IPCC emission scenarios

U. Mikolajewicz, M. Gröger, E. Maier-Reimer, G. Schurgers, M. Vizca&íno & A. Winguth*
Max-Planck-Institute for Meteorology, Bundesstr. 53, 20146 Hamburg, Germany, mikolajewicz@dkrz.de
*) Center for Climatic Research, Madison, USA

1. Introduction

Model: MPI Earth System Model for paleo studies including atmosphere (ECHAM), ocean (LSG), ocean biogeochemistry (HAMOCC), terrestrial biosphere (LPJ), and ice sheets (SICOPOLIS).

Experiments: The model was forced with greenhouse gas emissions following the IPCC Scenarios B1, A1B, and A2 (Fig. 1) to the year 2100.

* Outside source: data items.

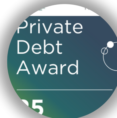
Private Debt Award
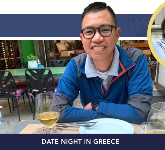
DATE NIGHT IN GREECE
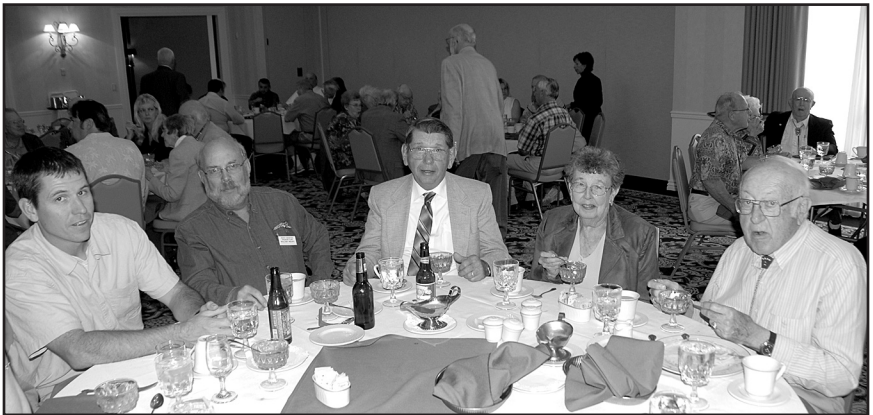
Banquet guests.

Fig. 1: Prescribend CO2 emission following the IPCC scenario B1 (green), A1B (red), and A2 (blue) .(high resolution):

For each scenario an ensemble of at least 3 simulations has been performed. After the year 2100 an exponential decline of of anthropogenic emissions was assumed. Individual simulations were integrated up to year 8000.


2. Atlantic Overturning Circulation

Fig. 2: Top: Strength of the North Atlantic overturning stream function at 30N at 1500 m depth in Sv. Below: Same as top but at 2500 m depth. .(high resolution):

The changes in the meridional overturning circulation of the North Atlantic (NAMOC, see Fig. d and e) reveal a strong sensitivity on the scenario. In the low emission scenario B1, the NAMOC is almost unchanged during the entire experiment (maximum reduction approximately 2 to 3 Sv). In the high emission scenario A2, the NAMOC in year 2100 is reduced to values between 18 to 20 Sv compared to 22 Sv in the long-term mean of the control run. In the year 2250, however, the deep water formation in the North Atlantic collapses completely, and in year 3000 the NADW cell has vanished in all A2 experiments. The experiments forced with SRES emission scenario A1B behave similar to the A2 experiments until the year 2100.
In the following years, however, the individual ensemble members behave quite differently. The model response ranges from experiments with a relatively fast collapse to experiments with a moderate reduction of the NAMOC. Here, the model is obviously close to a bifurcation point, the threshold for the NAMOC seems to be close to 10 Sv. Whereas two experiments make the transition during the strong warming phase between the years 2150 and 2250, one experiment crosses the threshold between the years 2600 to 2750, a period where the rate of change of surface temperatures is already rather small. The weakening of the NAMOC is always associated with a much shallower NAMOC, indicated by the much stronger reduction at 2500 m than at 1500 m. Whereas the NAMOC at 1500 m in the A1B_2 simulation has almost the same strength after the year 3000 as the control run, the NAMOC at 2500 m (see Fig. 11e) shows substantially reduced values. The reduction and collapse of the deep convection in the North Atlantic delays the global mean warming. This is visible as a relative plateau in the temperature time series of e.g. the A2 experiments between the years 2200 and 2350 (Figure 2). Mode transitions in the A1B experiments occur between the 2x and 3xCO2 levels, but the A1B-on simulations experience, for some time, atmospheric concentrations slightly higher than three times the preindustrial control value of 280 ppm. Winguth et al. (2005) report a collapse of the NAMOC for a 4xCO2 experiment with the present ESM, whereas the 2xCO2 and 3xCO2 experiments resulted in a weaker, but noncollapsed NAMOC.

2. Temperature change
For the near surface air temperature, the B1 simulations show a distinct warming pattern (see Fig. 2a). Over the ocean, the warming is roughly 1 K; over most of the land, the warming is between 1 and 2 K. Exceptions are the desert areas of North Africa and southwest Asia and the high northern latitudes with a warming between 2 and 3 K. In the northwest Pacific and close to the deep water formation sites of the Southern Ocean, strong warming is simulated due to reduced sea ice coverage. In the southern Indian Ocean, the southeast Pacific, and directly at the southeast coast of Greenland, areas of slight warming or even cooling are simulated. In the North Atlantic, these are the consequences of reduced deep convection.
For scenario A1B temperature anomalies are shown in Figs. 2b and c. The average of experiments A1B_2 and A1B_5 (henceforth also called A1B-on), which both have a noncollapsed NADW cell, show essentially the same spatial pattern as in the B1 experiments, but with stronger amplitude.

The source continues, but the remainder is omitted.